Graph Representation Learning is the task of effectively summarizing the structure of a graph in a low dimensional embedding. With the rise of deep learning, researchers have come up with various architectures that involve the use of neural networks for graph representation learning. We call such architectures Graph Neural Networks.
Before getting into the specifics of GNNs, we first understand the motivation behind doing so. One might ask that can we not use our current deep learning architectures like CNN and RNN for graph representational learning. However, it can be observed that CNNs specialize in grid-like structure whereas RNNs specialize in sequential data. In contrast, graphs are more unstructured and would benefit from special methods that can learn in such a setting.
Graphs are everywhere!
Various data stores have an inherent graphical structure and leveraging this data can have a lot of impact. Following are various domains where GNNs could have an impact:
These networks can be leveraged for better recommendation systems, understanding the economic impact of various components, drug discovery, understanding how neurons in the brain function, and many other applications.
Classifying unknown nodes based on other known nodes. For example, classifying social media accounts as bots or humans.
It involves classifying an entire graph into predefined categories. For example, predicting whether a molecule is soluble in water based on its atomic structure.
Determining whether a particular node in the graph is linked with some other node. For example, it can be used in social networks for predicting whether a person knows another person and suggesting friends.
The graph regression task is analogous to Logistic regression and logistic classification. It has a different loss function and performance metric that focuses on regressing a particular variable against the available graph structure rather than classification.
The task of learning representations from the graph structure involves creating low dimensional embedding for nodes of the graph. The goal is that the nodes which are similar should be closer in the low-dimensional Euclidean space. This task is depicted in the image below.
-> Graph Embedding — Representation Learning on Networks <-
We talk about two basic approaches for node embedding. (1) Classical "shallow" methods, and (2) Neural-Network based methods.
The typical characteristic of shallow embedding methods is that the encoder grows in size linearly with the number of nodes in the graph. The retrieval of node embedding is essentially a table lookup. Hence, the name "shallow".
Considering the simplest shallow encoding scheme as shown in the image below:
-> Shallow Embedder <-
The task of learning shallow node embeddings typically involves three steps:
1. Define an encoder that maps nodes to embedding.
ENC(v) = Z.v;
where $Z \epsilon R^{d \times |\nu|}, |\nu|$ is the number of nodes in the graph, $v$ is the one-hot encoded vector for any node in the graph.
2. Define a function that measures the similarity between two nodes, i.e, $similarity(u, v)$.

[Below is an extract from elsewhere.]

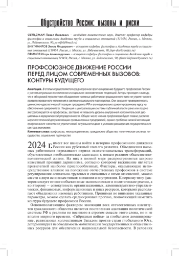 2024 г. имеет все шансы войти в историю профсоюзного движения России как рубежный этап его развития. Объединения наемных работников переживают период экзистенциальных трансформаций, обусловленных необходимостью адаптации к новым реалиям общественно-политической жизни.

3. Optimize the parameters of the encoder such that $similarity(u, v) \approx z_v^T.z_u$
There are other such shallow encoding based approaches such as Node2Vec, DeepWalk, and LINE. However, there are some inherent problems with such approaches:
The size of the encoder is $\Omicron (|V|)$ which impacts scalability for large graphs with many nodes.
It is difficult to define the similarity metric based on which the parameters of the encoder are to be optimized. If we calculate the similarity metric based on the neighboring nodes, the scope of the metric would limit embedding to simply aggregating closest neighbors and increasing the coverage would lead to an increase in the complexity of calculation.
Such shallow embedding methods can only work for nodes that are present in the graph during training. Thus, making it unusable during testing when the graph is updated.
These methods do incorporate node features which could be instrumental for certain tasks.
As seen above, shallow embedding methods have certain limitations that impact their ability to perform in real-life scenarios. To remediate these issues we take a look at GNNs. There are broadly two types of neural network-based node embedding approaches :
1. Message Passing Based GCNs
2. Weisfeiler-Lehman GNNs based on the WL test[1]
In this report, we shall only be discussing message-passing based GCNs since current WLGNN based approaches are not scalable. Their complexity increases polynomially in space and time with respect to graph size which generally makes the use of WLGNNs intractable for large datasets.
Message Passing based GCNs rely on a concept called neighborhood aggregation. Basically, the embedding for each node would be an average of all of its neighbors passed through a neural network. If you’ve been following correctly, you might ask that it is still simply aggregating the neighbors. However, this is an iterative procedure, thus it can be imagined that the aggregation after a few iterations would be compounded to cover the entire graph. This process can be visualized in the image below.
-> Shared GNN Encoder <-
Formally, this process can be summarized as the following steps:
1. Define a neighborhood aggregation function
The simplest case is where each node considers all its neighbors equally, that is, all the neighbors are equally weighted and have equal impact on the generated node embedding. Such architectures are also called isotropic. Eg GCNs[2] and GraphSage[3]. The equation below shows the node update operation for isotropic architectures.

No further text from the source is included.